=== Section Start ===

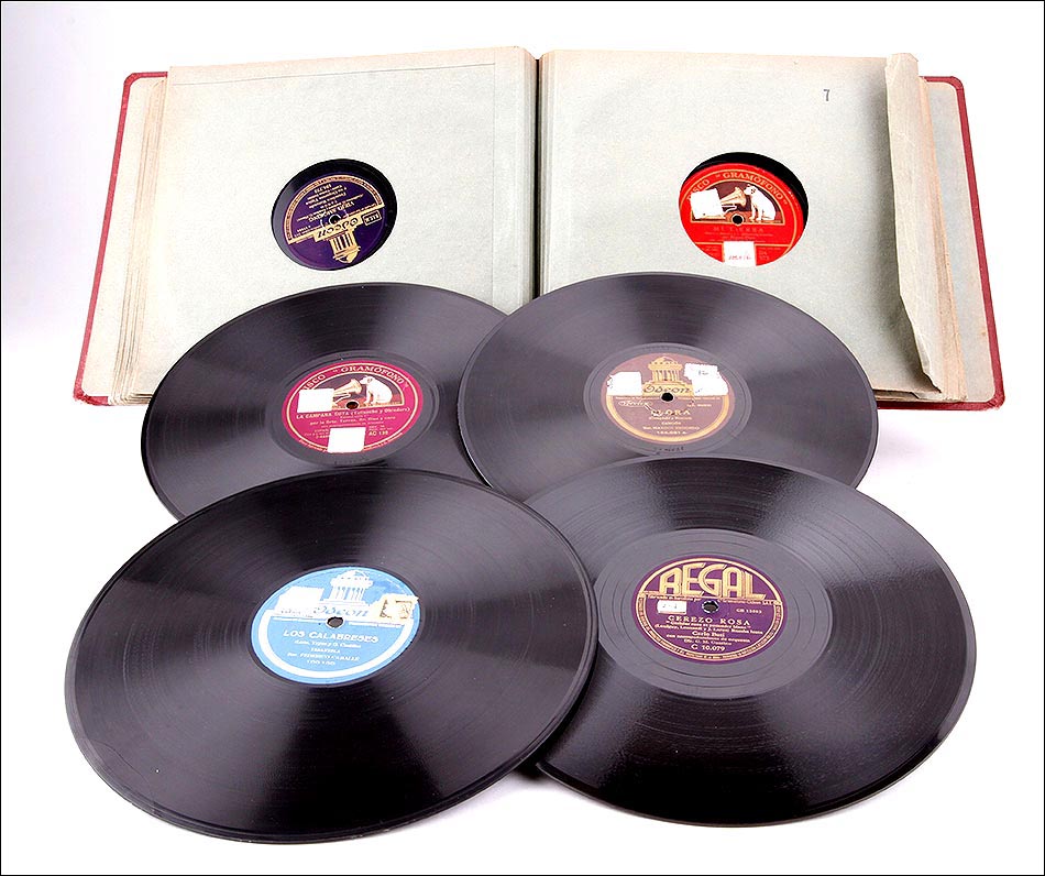 Album con 12 discos de gramófono. 78 rpm. Algunos en Catalán. Album original de época. Todos en excelente estado de conservación. Discos normales de 25 cms
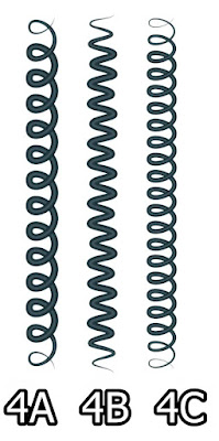 3B: Rizos más apretados y con una forma de espiral más definida desde la raíz.
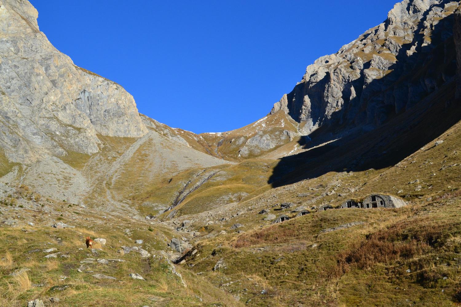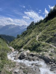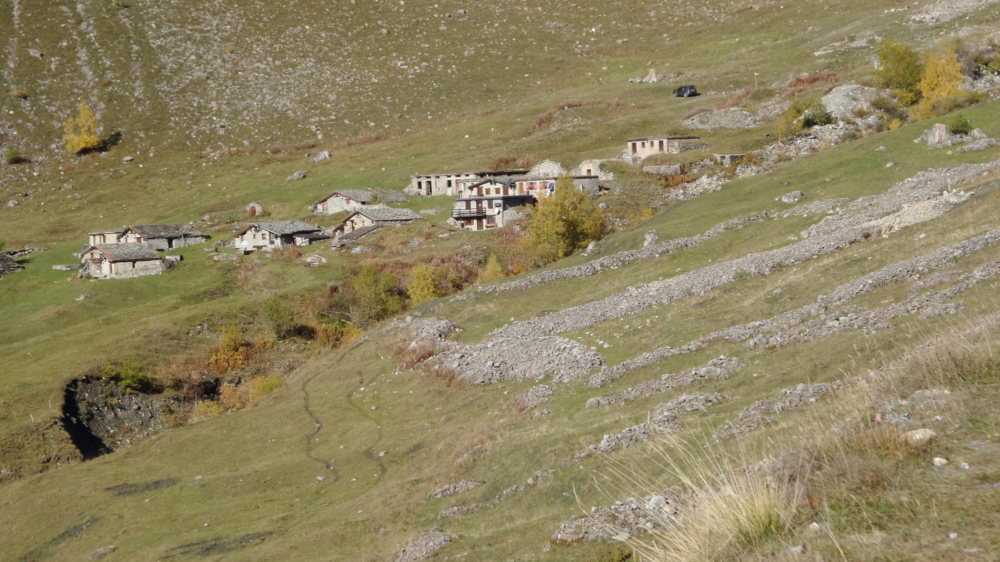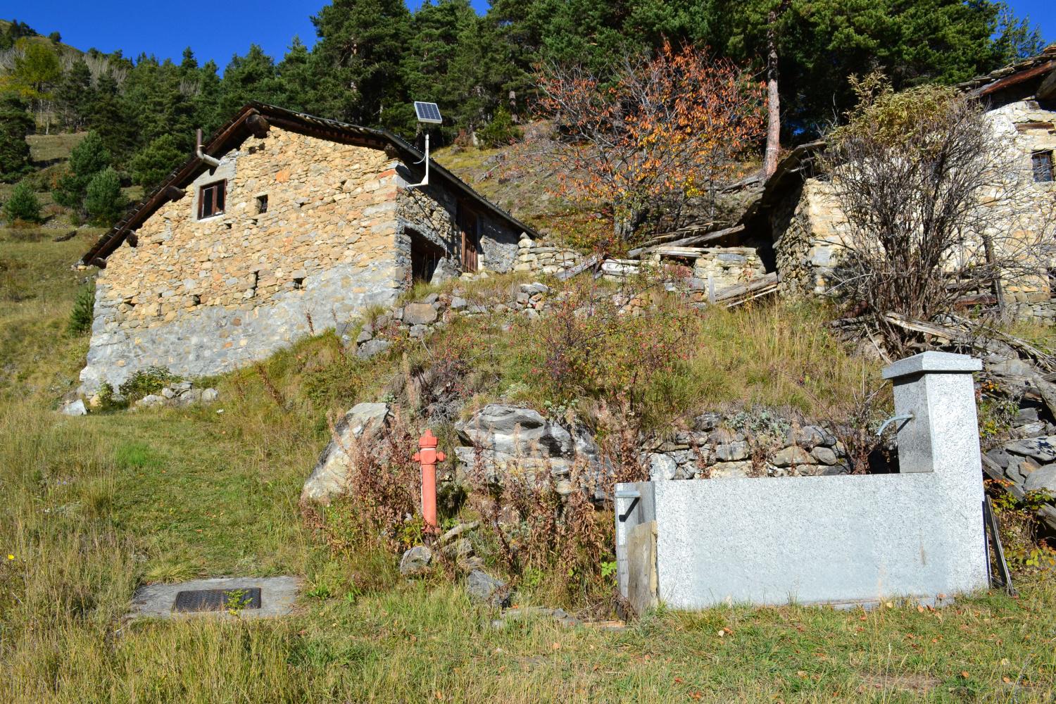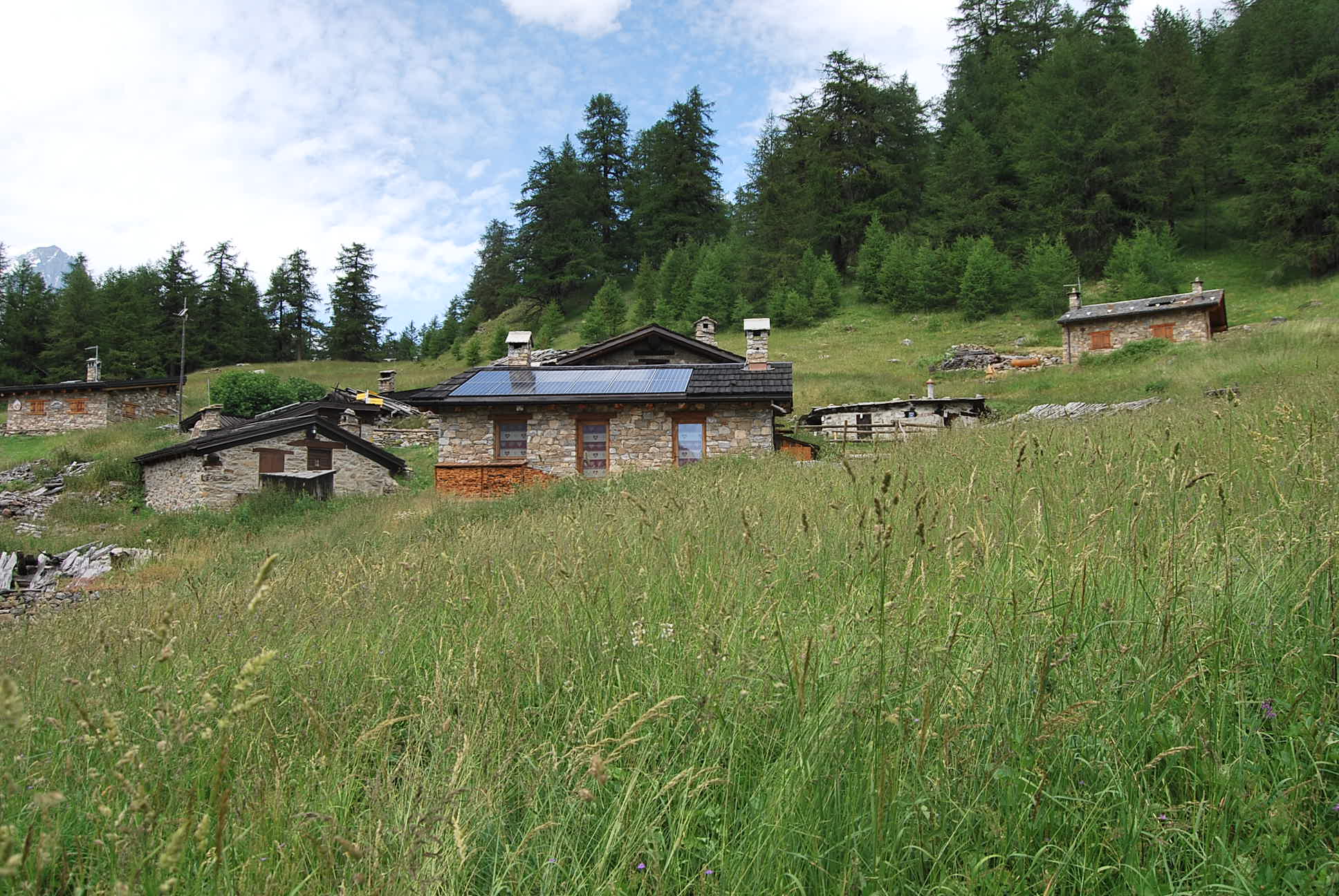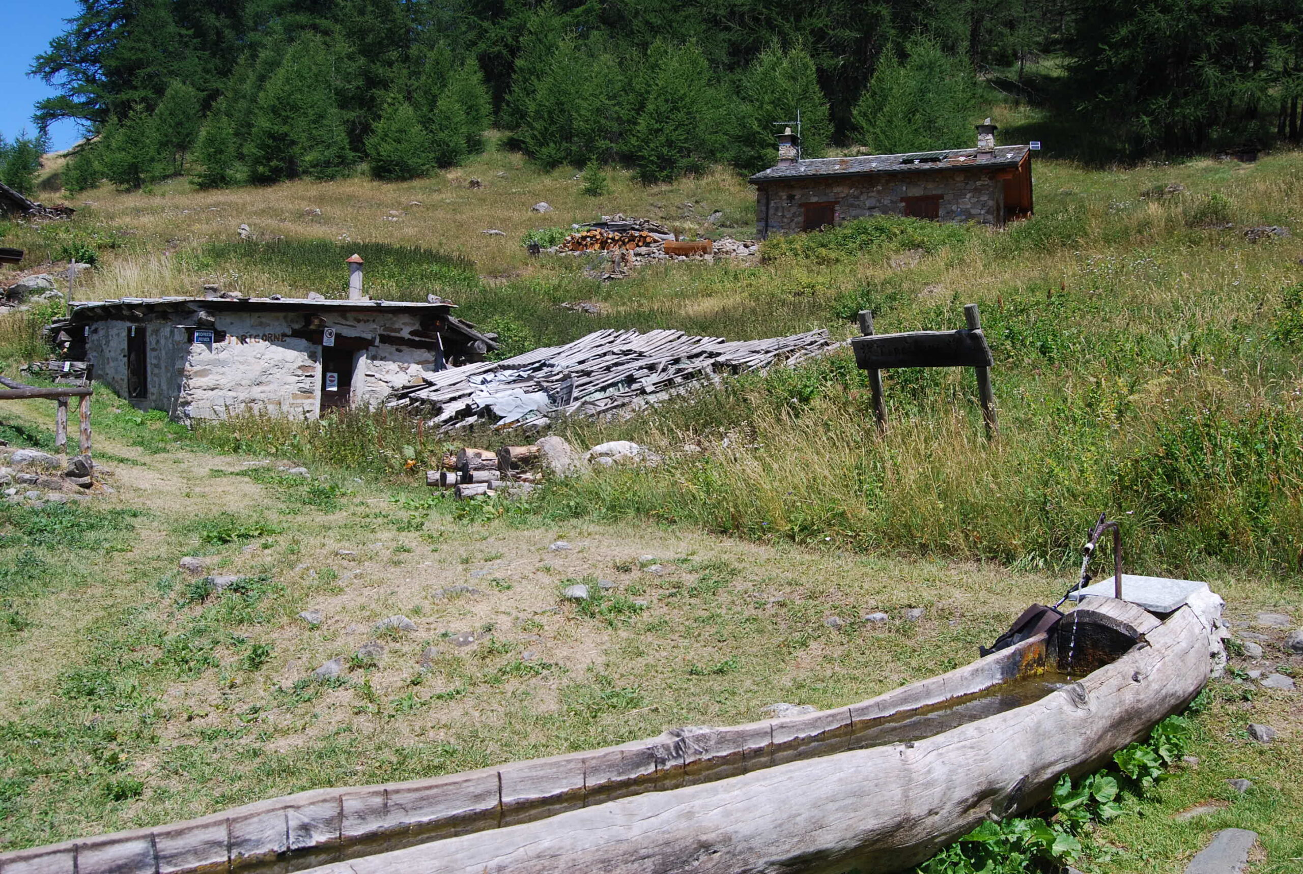 La mulattiera si trasforma in sentiero che sale addentrandosi nella Comba di Chambave fino all’alpeggio Capanna Chambave, 1880 m sulla riva destra (idr) del torrente.

=== Section End ===

- [Work instruction] Instruction for this listing: copy it exactly, but leave the images behind.

- [Solution to this problem]
 Album con 12 discos de gramófono. 78 rpm. Algunos en Catalán. Album original de época. Todos en excelente estado de conservación. Discos normales de 25 cms
 3B: Rizos más apretados y con una forma de espiral más definida desde la raíz.
 La mulattiera si trasforma in sentiero che sale addentrandosi nella Comba di Chambave fino all’alpeggio Capanna Chambave, 1880 m sulla riva destra (idr) del torrente.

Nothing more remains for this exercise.